Thank you Max. I will try my first attempt in few days and will post the photos....Happy Grilling!


----------



## chemmutk (Feb 12, 2016)

*Finally its done !!!*

Firstly, Lemme thank Dennis, dledmo ,bbquzz and Max for helping me with the basics. I cooked "Chicken Al-Faham" ( arabic recipe) for 8 members. chicken was cooked perfectly. But few breast pieces were dried out inside.I think i had overcooked some of them. It took me almost 1 hour ( after 30 minutes i flipped the side ). Starting the charcoal fire was horrible.The 45 coconut briquettes (a one full medium size chimney )took almost 50 minutes to lit till the top. On First attempt, after 10 minutes the smoke went off, then i have to fire some extra newspaper. While grilling , majority of briquettes got fully covered in ashes and the fire went out. Morning i checked the ashes and it was kind of sandy. Not that grey colored ashes. Anyways i managed to get it done . Ate with Kuboos and Hummus ( Arabic bread and chickpea dip). i wish i could have invited You all .... I am sharing the photos down below.... Your valuable comments are welcomed.


----------



## Dennis in MN (Feb 12, 2016)

I'm glad it worked out for you. I think that it is very easy to over cook chicken breast. I don't do them often, because the leg and thigh (sold here as hind quarters) can be purchased so inexpensively, and my family prefers dark meat. One of our favorite cuisines to prepare and eat is Persian. Grilled lamb kebabs, Basmati rice, and grilled tomato. We don't think it gets any better!


----------



## bbquzz (Feb 14, 2016)

Sounds like you and your guests enjoyed the meal so your job is done Make some notes mental or written and your ready for your second cook. I'm old and forgetful so I have to write down how I would do a cook differently


----------



## Max1 (Feb 16, 2016)

May want to cut down on the charcoal a bit, looks like you had a bunch there. You really only need about half of that. Other than that good cook. 

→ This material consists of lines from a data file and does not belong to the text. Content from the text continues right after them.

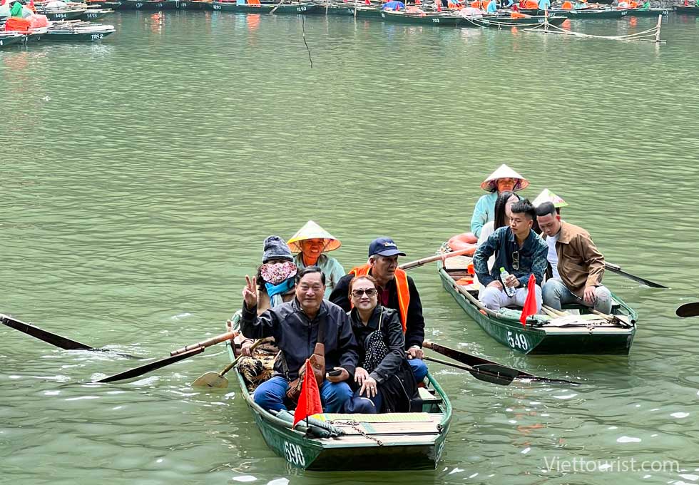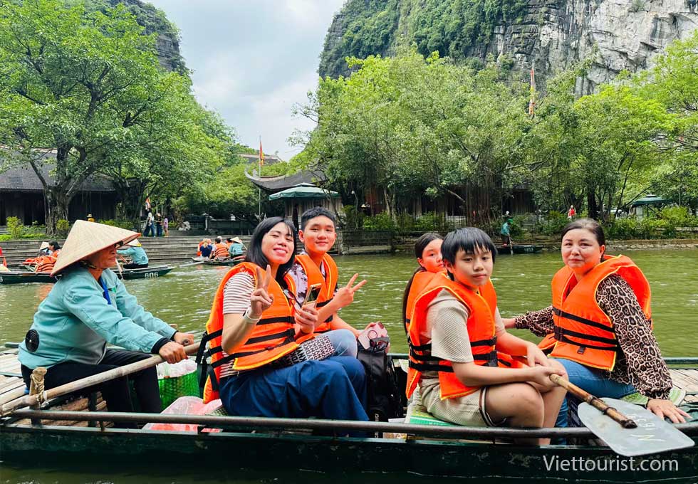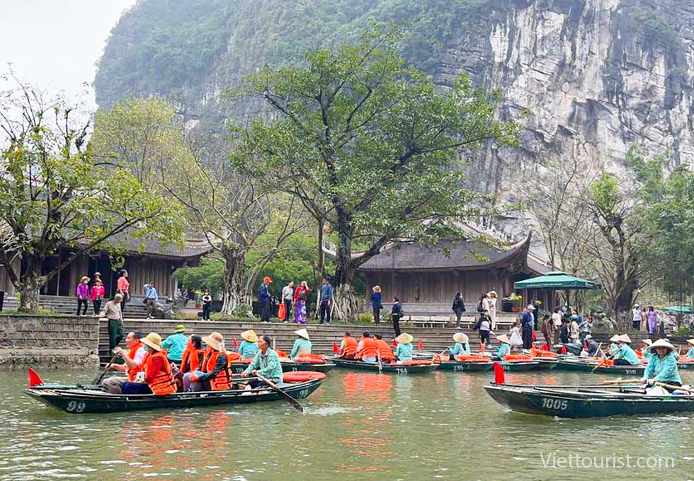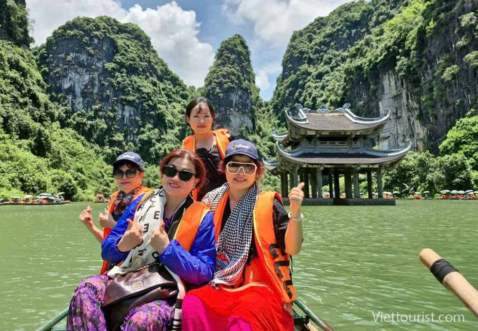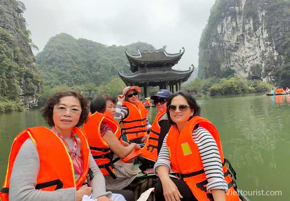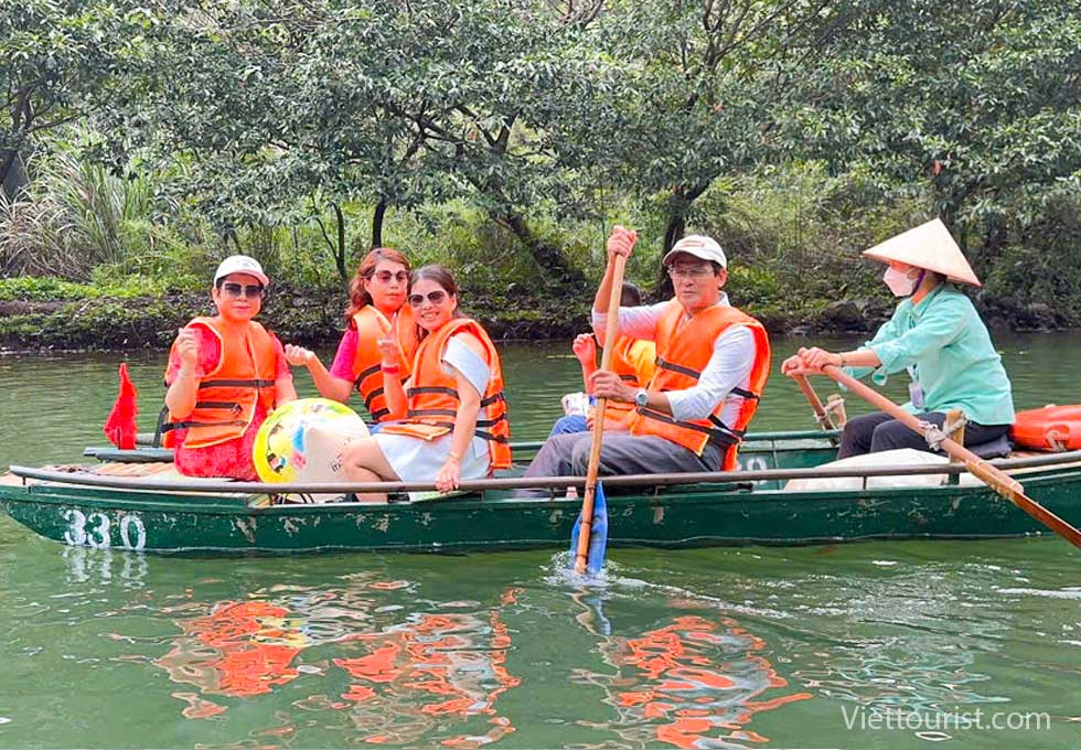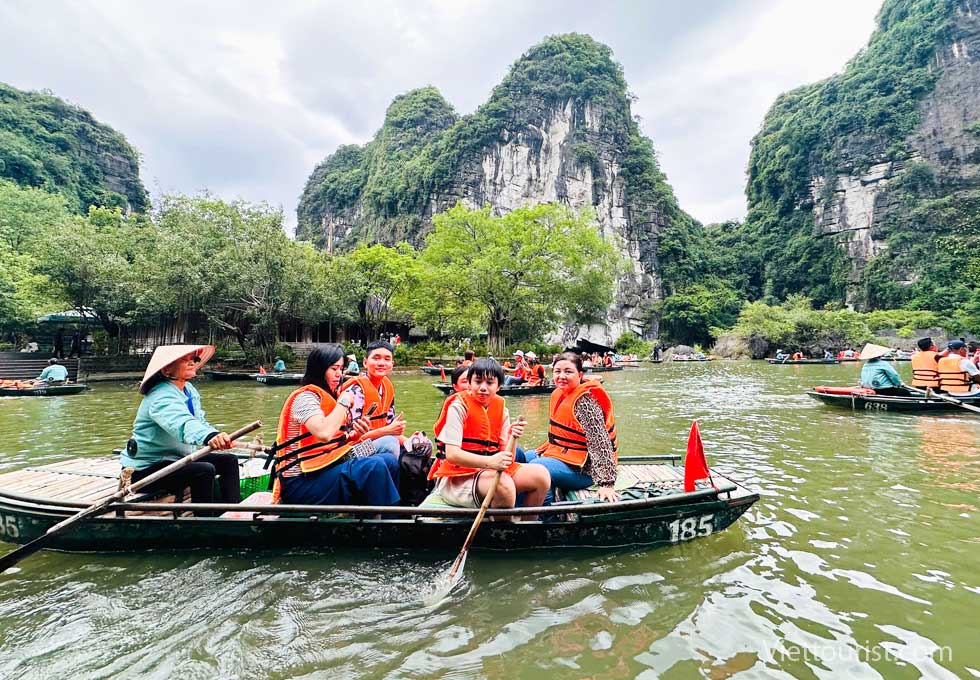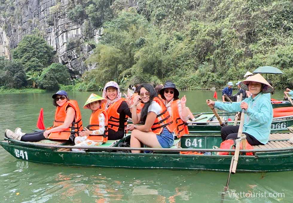 Đến giờ Xe và HDV đưa đoàn đến KDL TRÀNG AN lên thuyền xuôi dòng Sào khê uốn lượn dưới chân những dãy núi đá vôi, quanh các rừng nguyên sinh và rừng lau đi qua 9 hang chính với những cái tên rất lạ như HANG SÁNG, HANG TỐI, HANG NẤU RƯỢU … Du khách được đưa vào lòng hang sâu thẳm, chiêm ngưỡng hình thù kỳ lạ của những nhũ đá trong hang và hòa mình vào khung cảnh thiên nhiên nơi đây.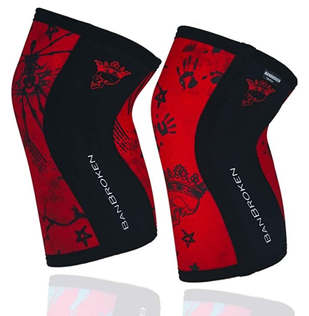 BanBroken Rodilleras RED SKULL (2 unds) – 5mm Knee Sleeves – Halterofilia, Deporte Funcional, Crossfit, Levantamiento de Pesas, Running y Otros Deportes. Unisex.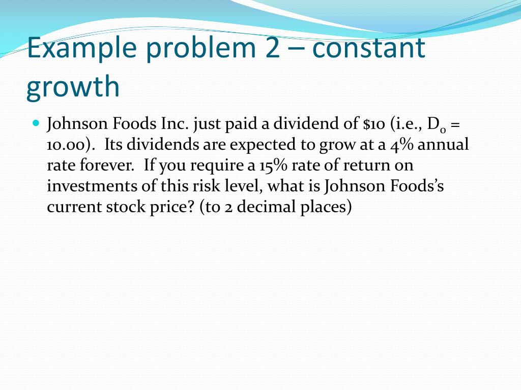 Example problem 2 – constant growth • Johnson Foods Inc. just paid a dividend of $10 (i.e., D0 = 10.00). Its dividends are expected to grow at a 4% annual rate forever. If you require a 15% rate of return on investments of this risk level, what is Johnson Foods’s current stock price? (to 2 decimal places)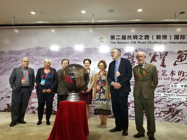 甘肃省委常委、宣传部长陈青女士(中)与国内外嘉宾共同见证“数字敦煌”资源库英文版上线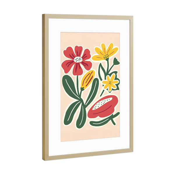 Poster mit Rahmen Gold "Playful Garden Blooms" artboxONE - Floral,Abstrakt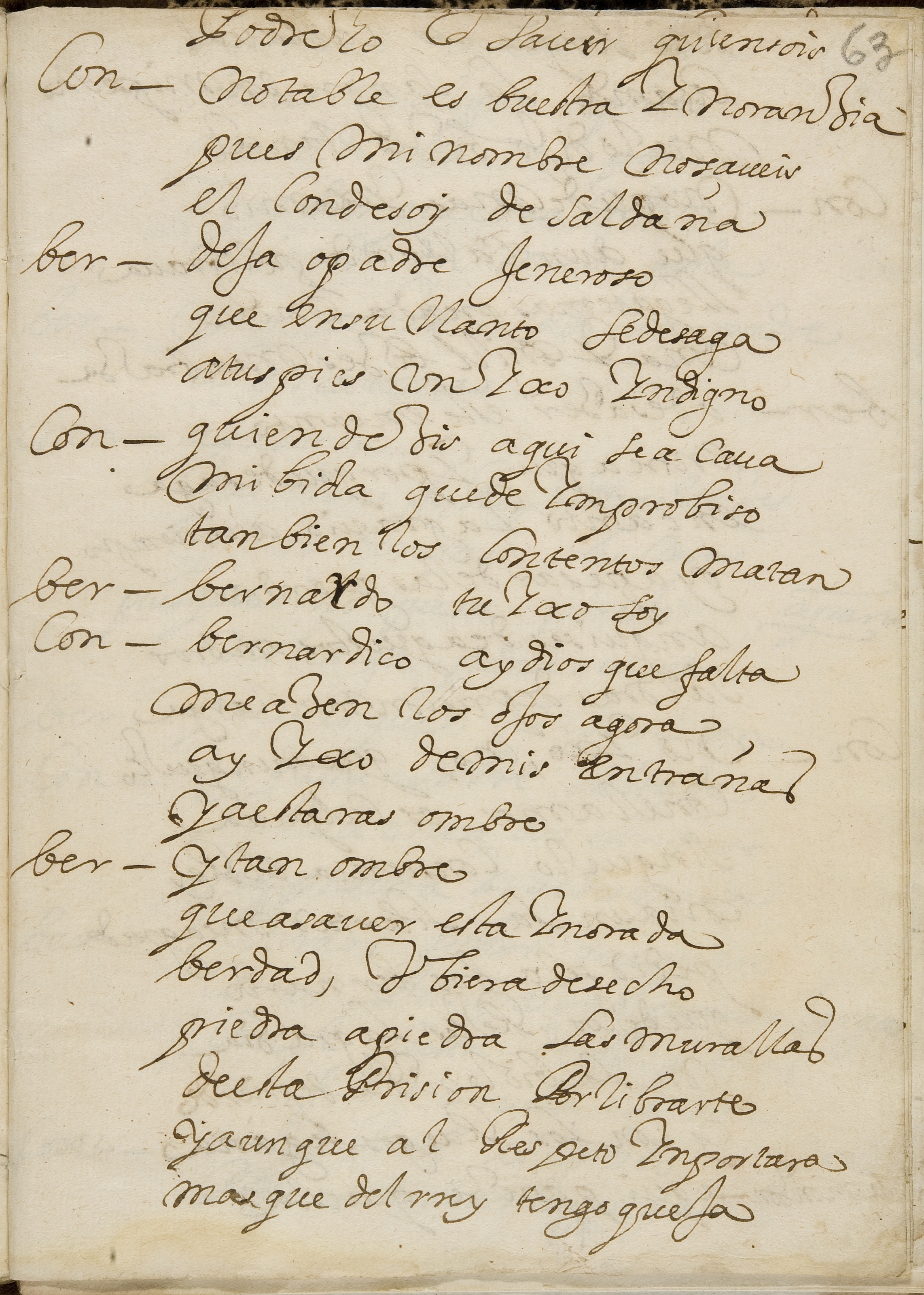 f.19r: " Puesto que el Conde os crio ... ya no me Coxen de susto"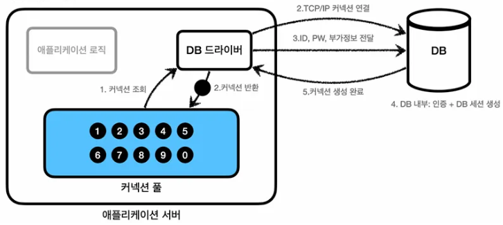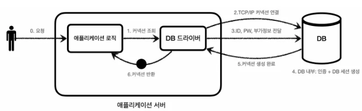 - DB 드라이버는 DB와 TCP/IP 커넥션을 연결한다. 물론 이 과정에서 3 way handshake 같은 을 위한 네트워크 동작이 발생한다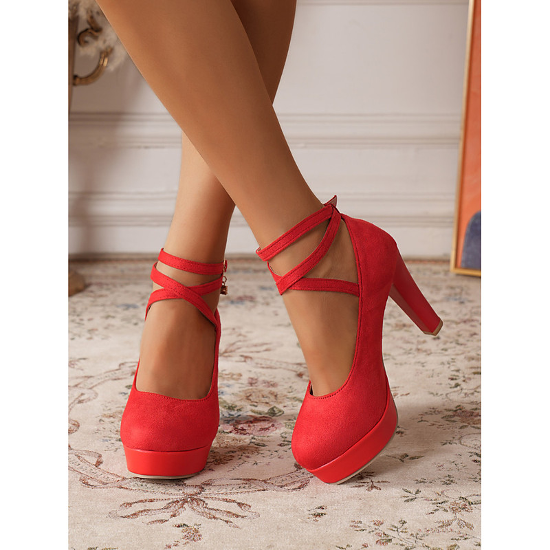 Women's 1950s Red Suede Platform Pumps with Ankle Strap and Crystal Charm – Stylish High Heel Shoes for Evening Parties and Formal Occasions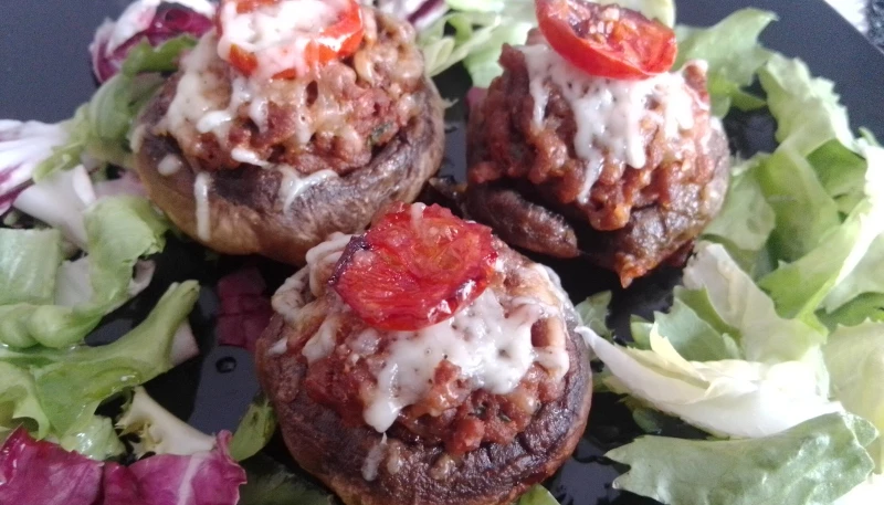 3° Garnir les champignons avec la farce généreusement et les placer côte à côte dans un petit plat à gratin.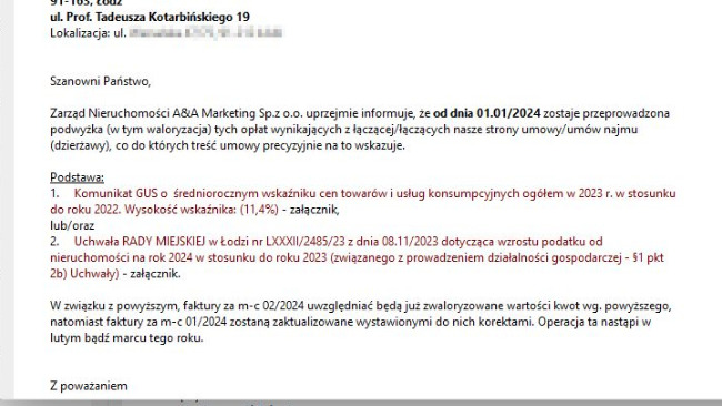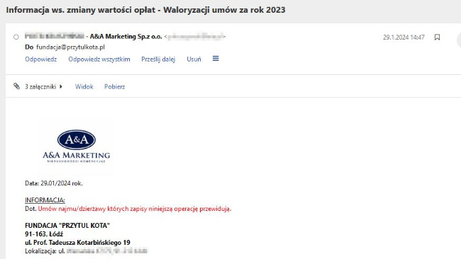 Pomieszczenia Mruczarni są wynajmowane i co miesiąc płacimy czynsz, który systematycznie wzrasta. Z końcem stycznia przenieśliśmy kwarantannę do Mruczarni, by zwolnić i zdać jedno wynajmowane pomieszczenie. Gdy już ucieszyliśmy się z zaoszczędzonych kilkuset złotych, otrzymaliśmy poniższą wiadomość. Chociaż mamy do dyspozycji mniej przestrzeni - obawiamy się, czy łączna kwota do zapłaty nie będzie wyższa niż wcześniej...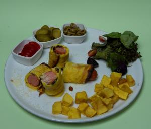 شنیسل،رول سوخاری،فیله استریپس،سبزیجات ،سیب زمینی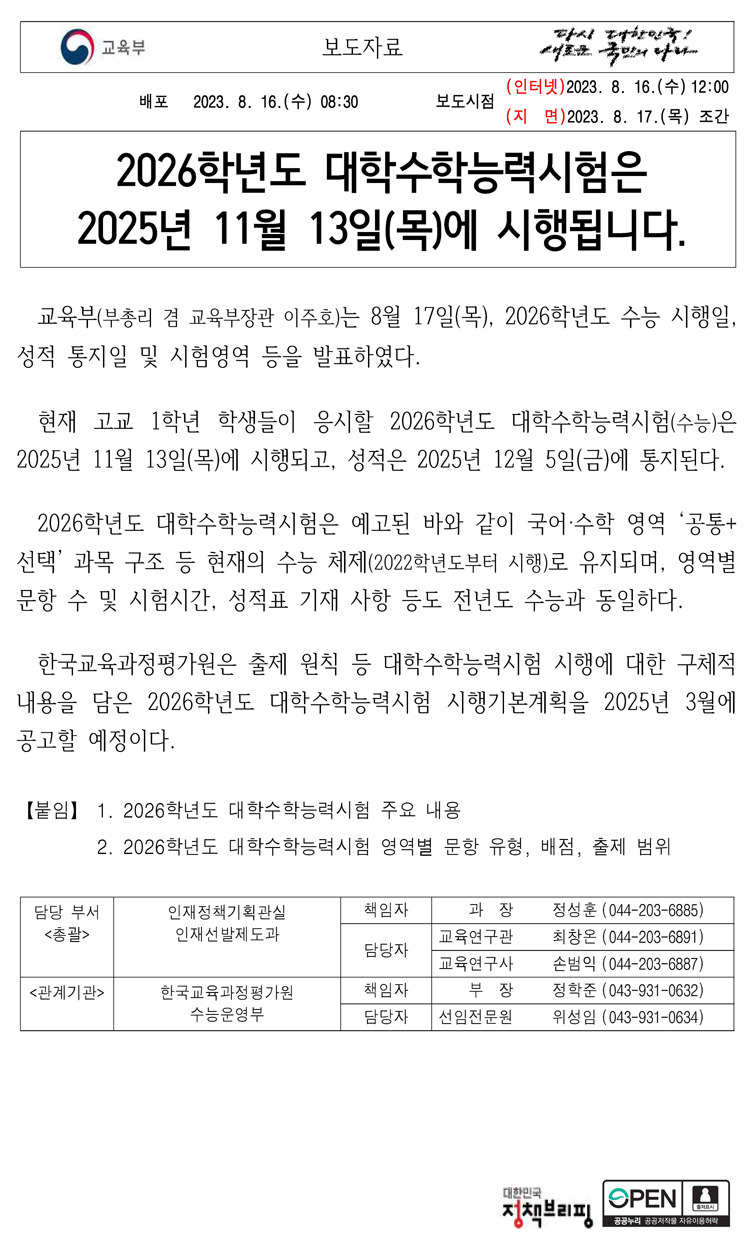[2] 나무위키 - 2026학년도 대학수학능력시험/정보 (https://namu.wiki/w/2026%ED%95%99%EB%85%84%EB%8F%84%20%EB%8C%80%ED%95%99%EC%88%98%ED%95%99%EB%8A%A5%EB%A0%A5%EC%8B%9C%ED%97%98/%EC%A0%95%EB%B3%B4)

I have a buddy that lives with me, when he moved in, I told him feel free to use my charcoal grill. After a while I noticed all my charcoal was disappearing (I have about 30 bags of Kingsford at any specific time.) Then I saw what he was doing, I went ballistic..... He was using about a quarter of a bag to use in a 14" Smokey Joe, for one steak mind you. He thinks you have to have the charcoal right up under the grate, and a whole shit load to create a hot fire. Little did he know he was smothering his own fire out because there was no air flow, not to mention WASTING my charcoal, that he did not pay for. Moral of the story, learn what is a good amount of charcoal through trial and error. And always when using someone else's charcoal get them more, at which I am still waiting for.


----------